Task to carry out
Please return the listing below word for word, minus its pictures.

Information provided
════════

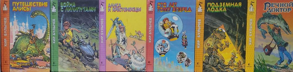 Цена за 1 том. Большой формат. 320 стр. Иллюстрации Е. Мигунова. Фантастические повести и рассказы о маленькой девочке Алисе, которой довелось участвовать в необычайных путешествиях, приключениях и происшествиях, случившихся в XXI веке. По книге "Сто лет тому вперед" был снят замечательный детский фильм про "Прекрасное далеко" - культовое кино "Гостьи из будущего". По сюжету мальчик Коля, попадает в бушующее и становится свидетелем кражи милофона - прибора-переводчика с языка зверей и птиц. Коля мешает космическим пиратам осуществить свой замысел, за что они начинают его преследовать, но Коля успевает вернуться в свое время, за ним правда гоняются и пираты, и Алиса.
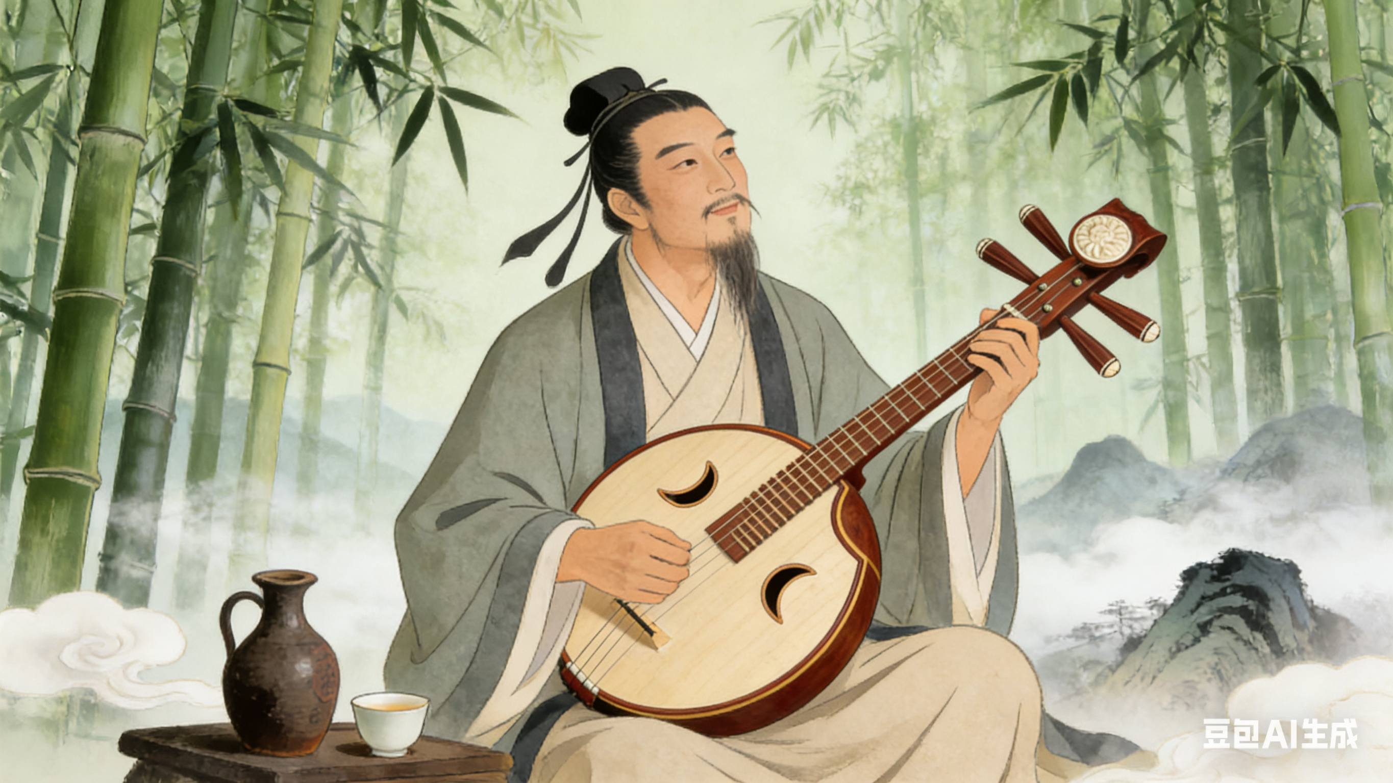 當時流行的“秦琵琶”形制粗糙,音域較窄,阮咸總覺得它沒能完全表達心中所想。于是他動手改良:調整琴身弧度,最終做成了四弦十二柱的長頸琵琶,音色清亮又不失渾厚,既能獨奏抒懷,也能合奏助興。
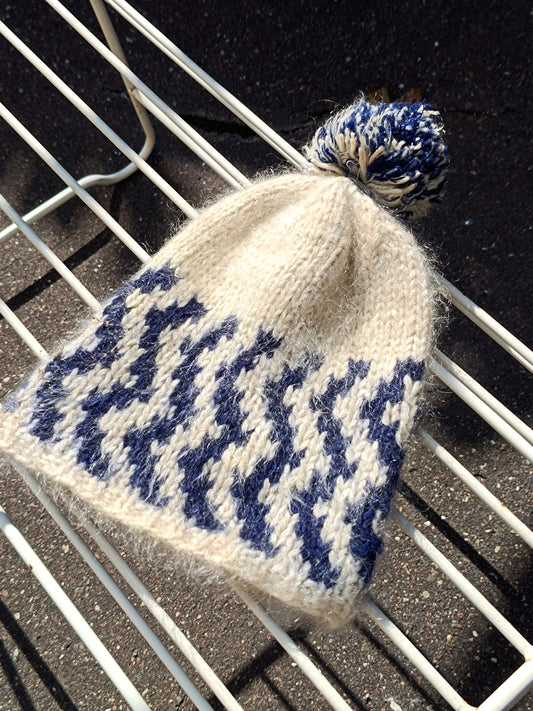Hand-knitted Winter Hat| Vintage Cozy Blue Winter Beanie | Unique white and blue winter accessory| Maximalist knitted pom pom hat
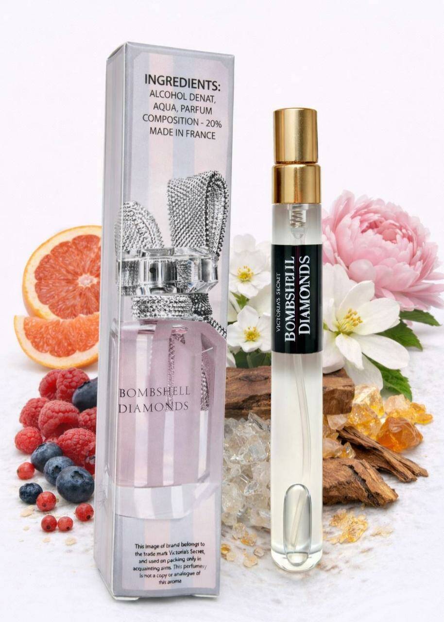 Victoria’s Secret Bombshell Diamonds 2013 — це яскравий і жіночний аромат із блиском і впевненістю. Він відкривається свіжістю грейпфрута і соковитими ягідними акордами, створюючи енергійну й іскристу ауру. У серці композиції розквітають ніжні квіткові ноти півонії та жасмину, надаючи аромату елегантності й чуттєвості. База з мускусу та амбри додає м’якості й стійкого, легкого шлейфу. Bombshell Diamonds звучить свіжо, життєрадісно і дуже привабливо, ідеально підходить для дня, активного настрою та весняно‑літнього сезону. ????

════════

Written response
 Цена за 1 том. Большой формат. 320 стр. Иллюстрации Е. Мигунова. Фантастические повести и рассказы о маленькой девочке Алисе, которой довелось участвовать в необычайных путешествиях, приключениях и происшествиях, случившихся в XXI веке. По книге "Сто лет тому вперед" был снят замечательный детский фильм про "Прекрасное далеко" - культовое кино "Гостьи из будущего". По сюжету мальчик Коля, попадает в бушующее и становится свидетелем кражи милофона - прибора-переводчика с языка зверей и птиц. Коля мешает космическим пиратам осуществить свой замысел, за что они начинают его преследовать, но Коля успевает вернуться в свое время, за ним правда гоняются и пираты, и Алиса.
 當時流行的“秦琵琶”形制粗糙,音域較窄,阮咸總覺得它沒能完全表達心中所想。于是他動手改良:調整琴身弧度,最終做成了四弦十二柱的長頸琵琶,音色清亮又不失渾厚,既能獨奏抒懷,也能合奏助興。
Hand-knitted Winter Hat| Vintage Cozy Blue Winter Beanie | Unique white and blue winter accessory| Maximalist knitted pom pom hat
 Victoria’s Secret Bombshell Diamonds 2013 — це яскравий і жіночний аромат із блиском і впевненістю. Він відкривається свіжістю грейпфрута і соковитими ягідними акордами, створюючи енергійну й іскристу ауру. У серці композиції розквітають ніжні квіткові ноти півонії та жасмину, надаючи аромату елегантності й чуттєвості. База з мускусу та амбри додає м’якості й стійкого, легкого шлейфу. Bombshell Diamonds звучить свіжо, життєрадісно і дуже привабливо, ідеально підходить для дня, активного настрою та весняно‑літнього сезону. ????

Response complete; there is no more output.